» Records for this task
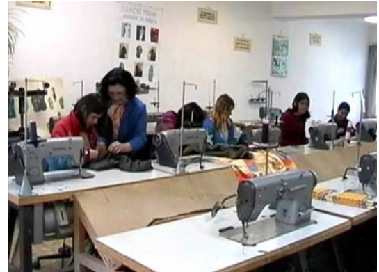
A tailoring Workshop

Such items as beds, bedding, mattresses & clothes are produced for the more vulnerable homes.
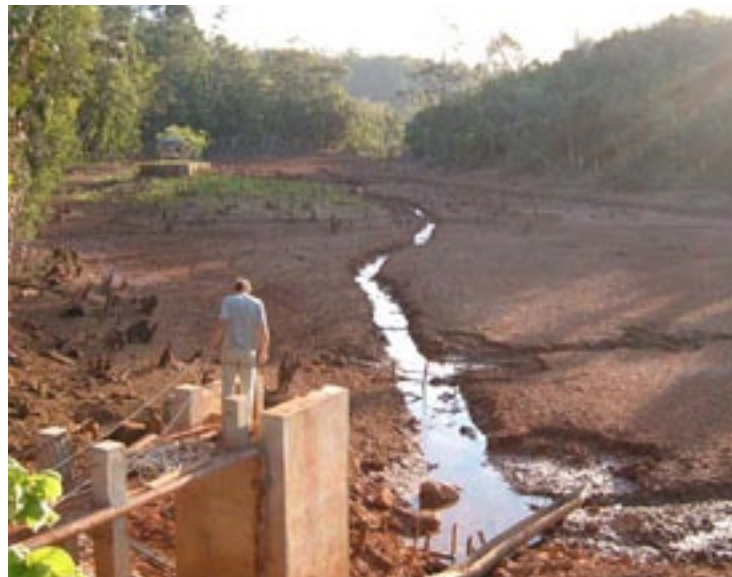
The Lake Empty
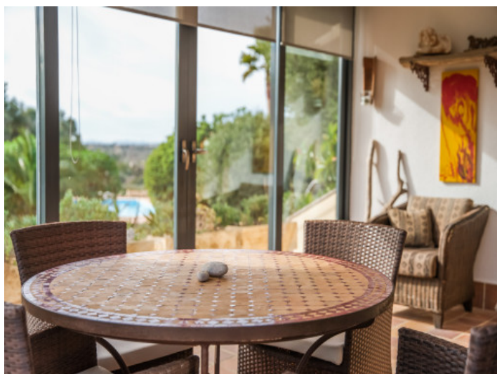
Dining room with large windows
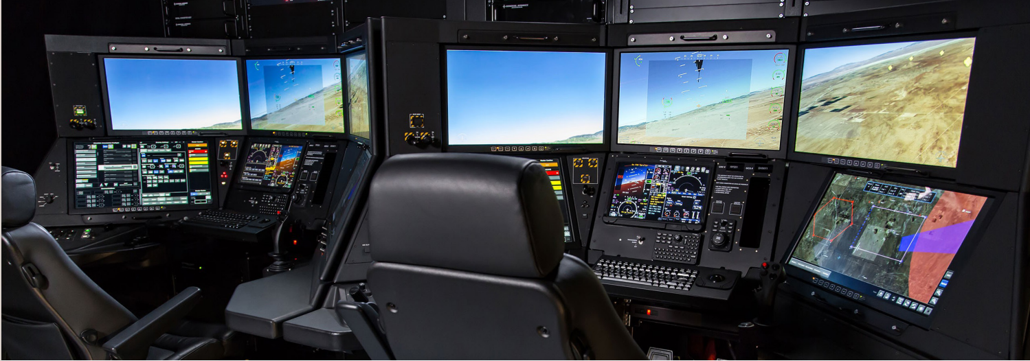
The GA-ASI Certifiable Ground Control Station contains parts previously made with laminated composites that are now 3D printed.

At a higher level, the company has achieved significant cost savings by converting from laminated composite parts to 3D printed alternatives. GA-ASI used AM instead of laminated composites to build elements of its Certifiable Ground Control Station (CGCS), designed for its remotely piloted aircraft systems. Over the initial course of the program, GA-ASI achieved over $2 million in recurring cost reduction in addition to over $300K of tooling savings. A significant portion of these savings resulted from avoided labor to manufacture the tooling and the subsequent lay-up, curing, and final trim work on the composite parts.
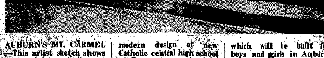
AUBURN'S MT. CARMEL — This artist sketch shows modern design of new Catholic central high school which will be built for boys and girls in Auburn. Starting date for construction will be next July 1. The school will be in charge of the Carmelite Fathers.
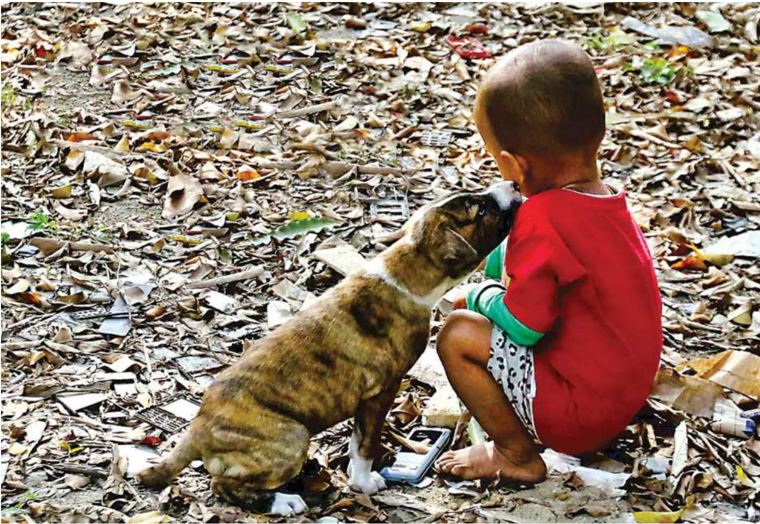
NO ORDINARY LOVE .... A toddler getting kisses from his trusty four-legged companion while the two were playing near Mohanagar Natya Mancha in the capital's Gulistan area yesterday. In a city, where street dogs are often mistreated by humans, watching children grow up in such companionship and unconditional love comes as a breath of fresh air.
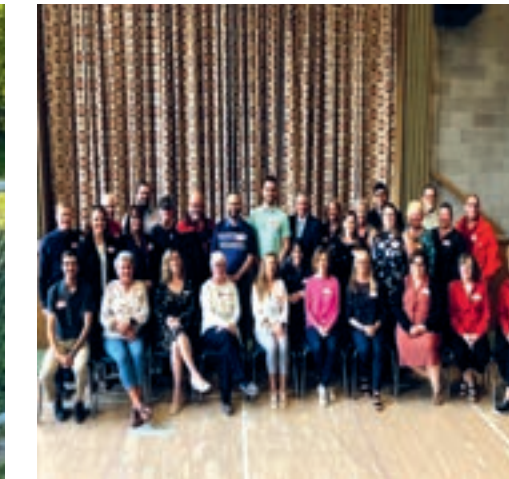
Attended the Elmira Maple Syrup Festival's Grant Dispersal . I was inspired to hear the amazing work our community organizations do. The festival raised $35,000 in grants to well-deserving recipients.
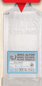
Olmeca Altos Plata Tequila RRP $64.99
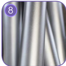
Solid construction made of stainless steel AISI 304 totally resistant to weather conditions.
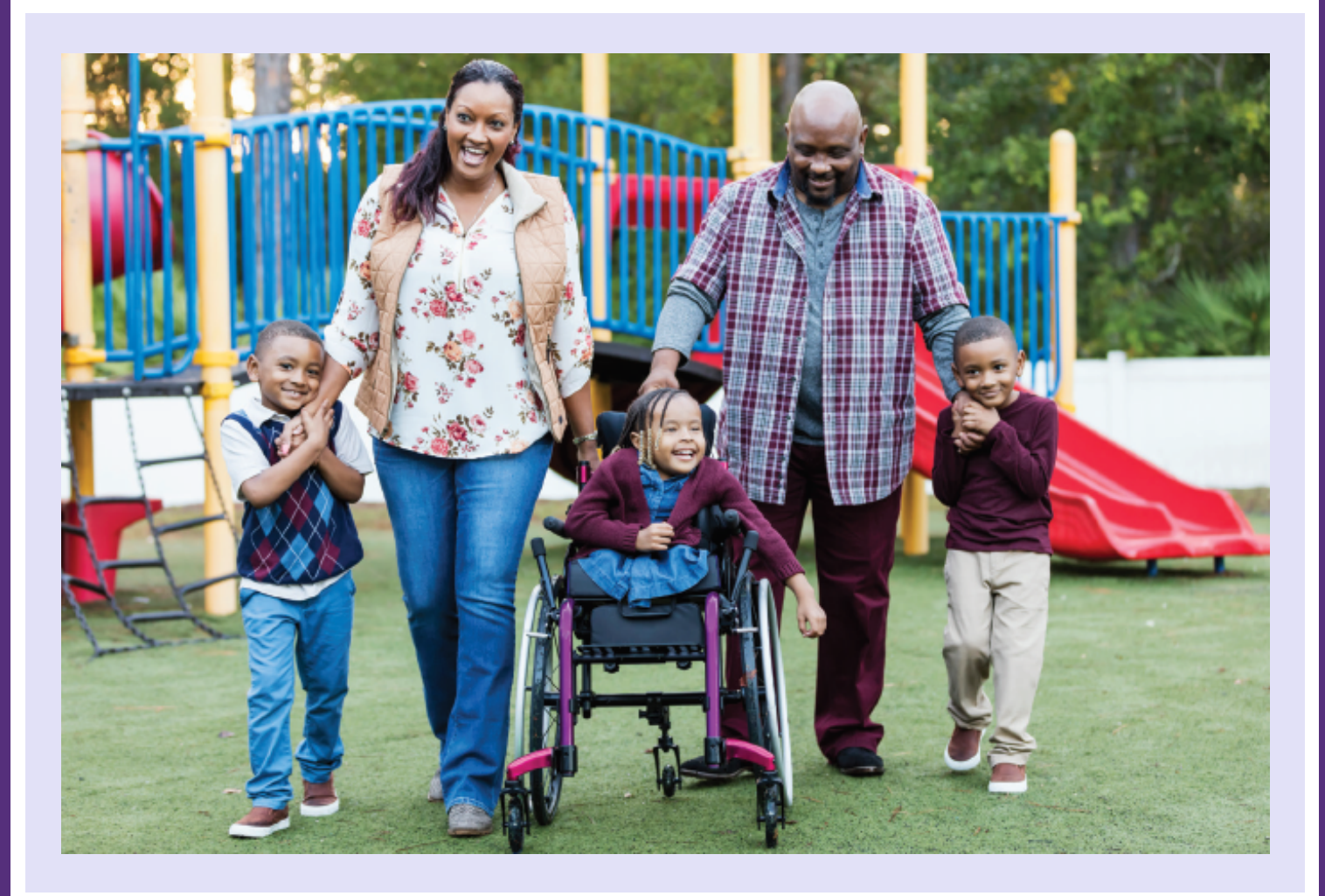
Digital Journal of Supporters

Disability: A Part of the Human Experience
---
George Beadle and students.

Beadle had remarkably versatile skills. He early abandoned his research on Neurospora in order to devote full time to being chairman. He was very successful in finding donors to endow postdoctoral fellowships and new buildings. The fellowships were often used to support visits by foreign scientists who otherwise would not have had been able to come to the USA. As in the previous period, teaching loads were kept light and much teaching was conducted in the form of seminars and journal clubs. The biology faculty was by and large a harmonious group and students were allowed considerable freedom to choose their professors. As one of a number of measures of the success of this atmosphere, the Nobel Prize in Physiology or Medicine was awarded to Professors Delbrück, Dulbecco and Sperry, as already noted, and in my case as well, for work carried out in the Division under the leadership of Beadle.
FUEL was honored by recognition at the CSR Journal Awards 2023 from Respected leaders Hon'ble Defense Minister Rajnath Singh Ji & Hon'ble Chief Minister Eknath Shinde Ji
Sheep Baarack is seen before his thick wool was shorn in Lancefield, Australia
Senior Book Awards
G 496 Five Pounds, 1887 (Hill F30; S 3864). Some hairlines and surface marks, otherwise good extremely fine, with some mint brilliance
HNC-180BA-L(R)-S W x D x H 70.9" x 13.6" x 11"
--
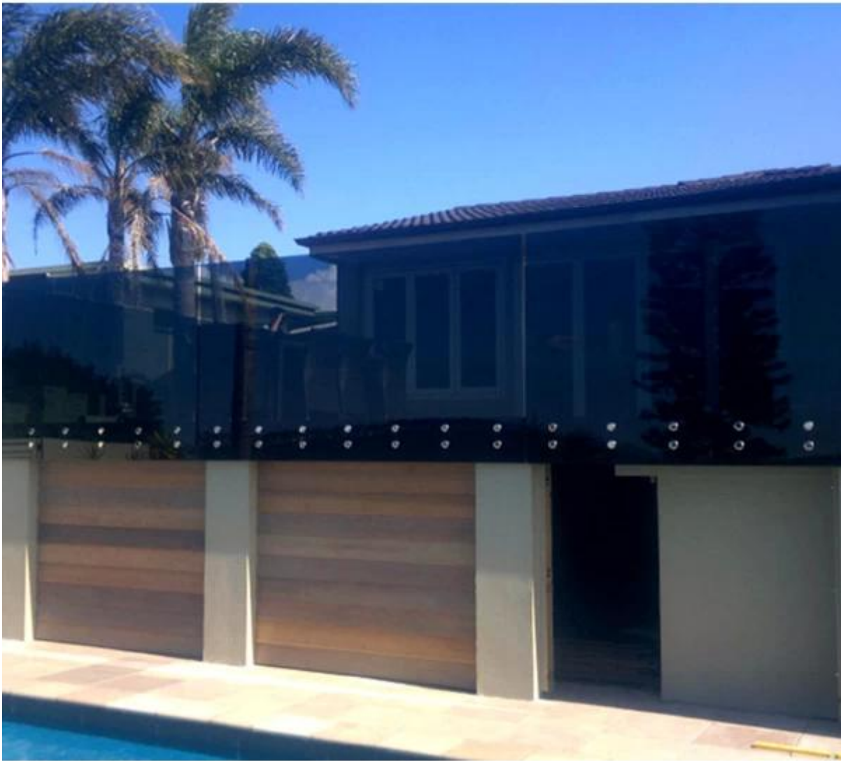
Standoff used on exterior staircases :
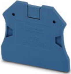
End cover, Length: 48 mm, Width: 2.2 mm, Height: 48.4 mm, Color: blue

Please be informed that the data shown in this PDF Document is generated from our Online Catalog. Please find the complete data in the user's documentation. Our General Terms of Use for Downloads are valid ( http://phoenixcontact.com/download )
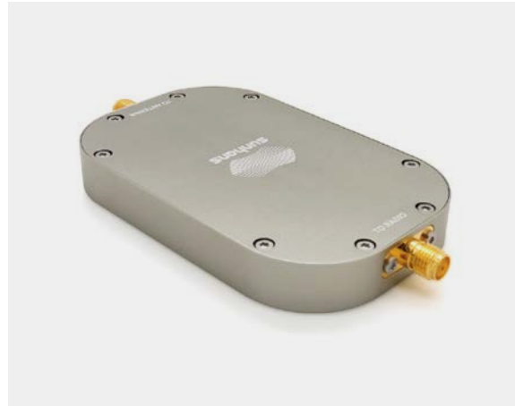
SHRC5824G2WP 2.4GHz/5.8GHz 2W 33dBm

» Task requirements
Only the lines above starting at the one containing "Sheep Baarack is" and ending at the one containing "HNC-180BA-L(R)-S W x", both included, are to be returned, exactly as they read.

» Answer space
Sheep Baarack is seen before his thick wool was shorn in Lancefield, Australia
Senior Book Awards
G 496 Five Pounds, 1887 (Hill F30; S 3864). Some hairlines and surface marks, otherwise good extremely fine, with some mint brilliance
HNC-180BA-L(R)-S W x D x H 70.9" x 13.6" x 11"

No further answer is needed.